[Your goal] Word for word, output every line of the material below, minus pictures.

Start of Information provided

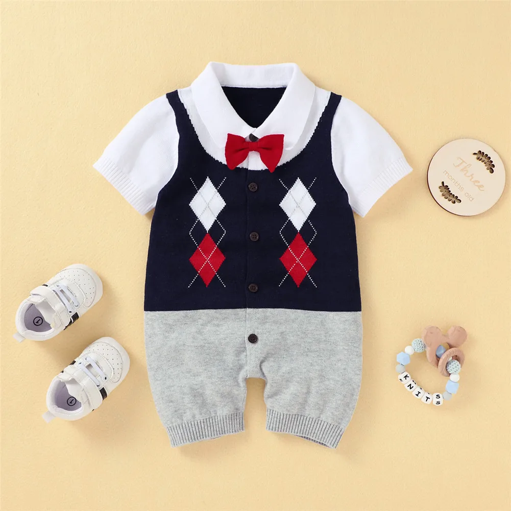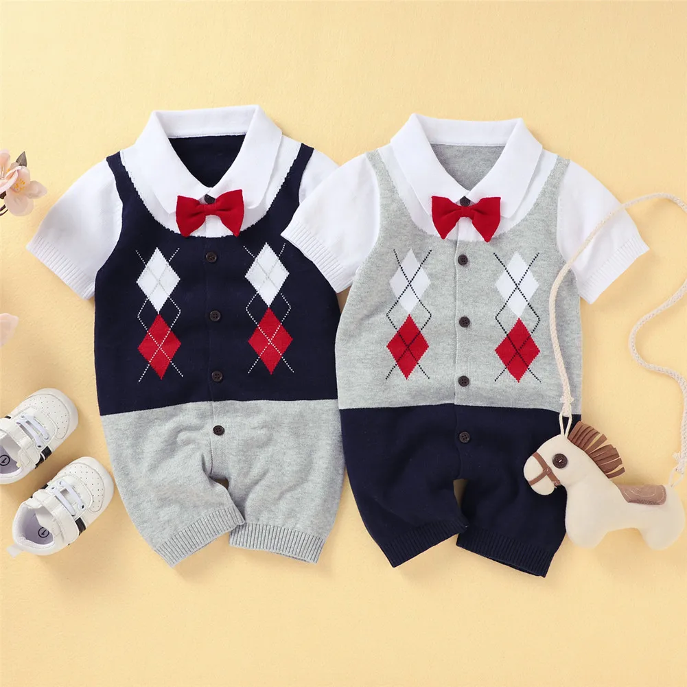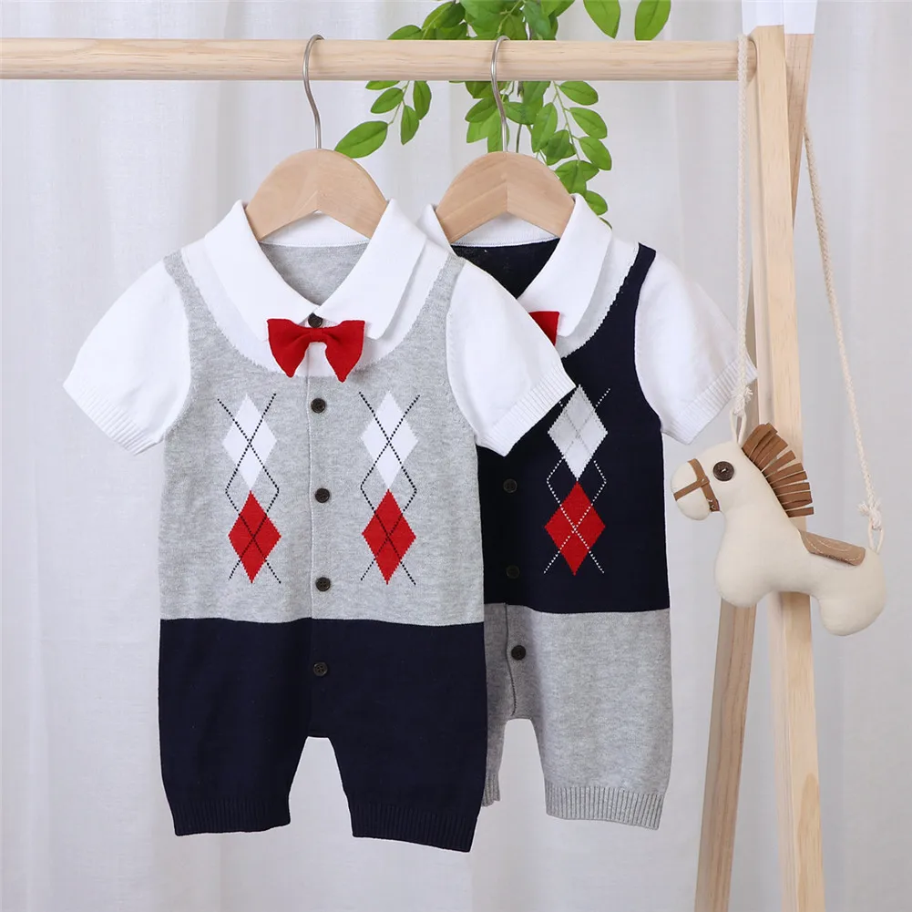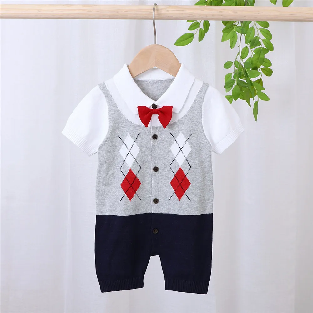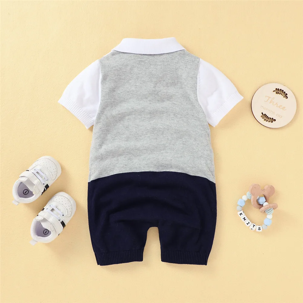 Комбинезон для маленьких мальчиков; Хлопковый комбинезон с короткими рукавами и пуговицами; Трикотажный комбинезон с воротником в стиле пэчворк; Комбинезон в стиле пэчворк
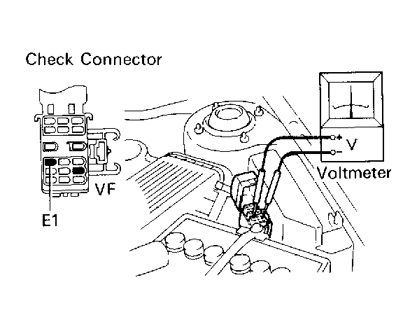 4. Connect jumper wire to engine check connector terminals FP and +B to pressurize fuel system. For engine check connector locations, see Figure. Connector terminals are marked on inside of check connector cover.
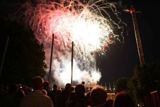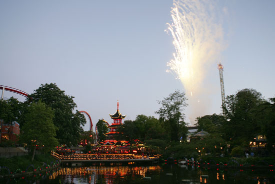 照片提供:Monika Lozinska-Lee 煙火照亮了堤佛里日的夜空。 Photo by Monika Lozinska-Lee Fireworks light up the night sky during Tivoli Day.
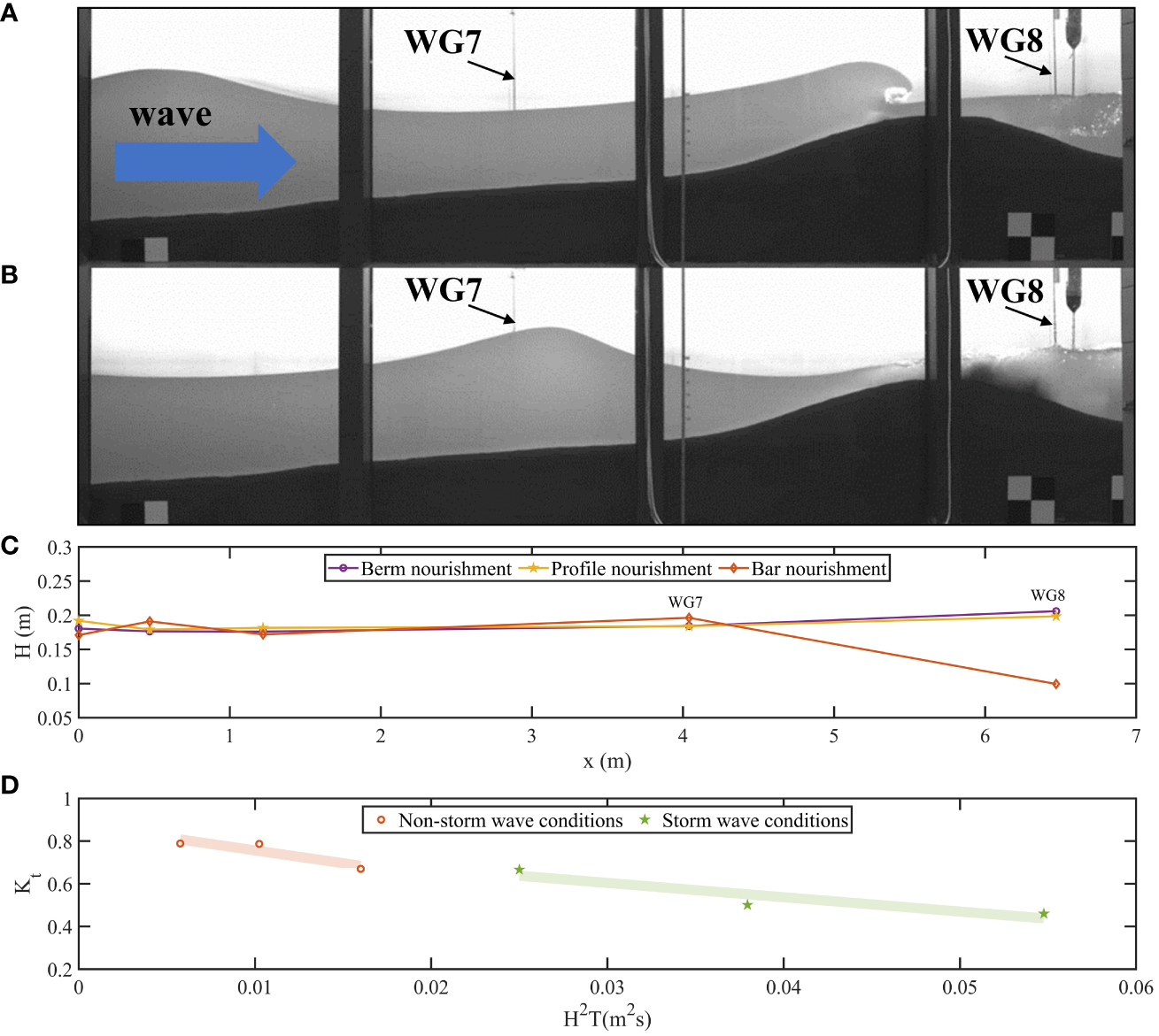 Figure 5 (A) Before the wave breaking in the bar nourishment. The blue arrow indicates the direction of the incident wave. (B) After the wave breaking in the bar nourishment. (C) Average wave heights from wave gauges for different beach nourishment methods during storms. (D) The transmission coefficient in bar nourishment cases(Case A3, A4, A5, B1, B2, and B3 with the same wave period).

End of Information provided

[Answer section]
 Комбинезон для маленьких мальчиков; Хлопковый комбинезон с короткими рукавами и пуговицами; Трикотажный комбинезон с воротником в стиле пэчворк; Комбинезон в стиле пэчворк
 4. Connect jumper wire to engine check connector terminals FP and +B to pressurize fuel system. For engine check connector locations, see Figure. Connector terminals are marked on inside of check connector cover.
 照片提供:Monika Lozinska-Lee 煙火照亮了堤佛里日的夜空。 Photo by Monika Lozinska-Lee Fireworks light up the night sky during Tivoli Day.
 Figure 5 (A) Before the wave breaking in the bar nourishment. The blue arrow indicates the direction of the incident wave. (B) After the wave breaking in the bar nourishment. (C) Average wave heights from wave gauges for different beach nourishment methods during storms. (D) The transmission coefficient in bar nourishment cases(Case A3, A4, A5, B1, B2, and B3 with the same wave period).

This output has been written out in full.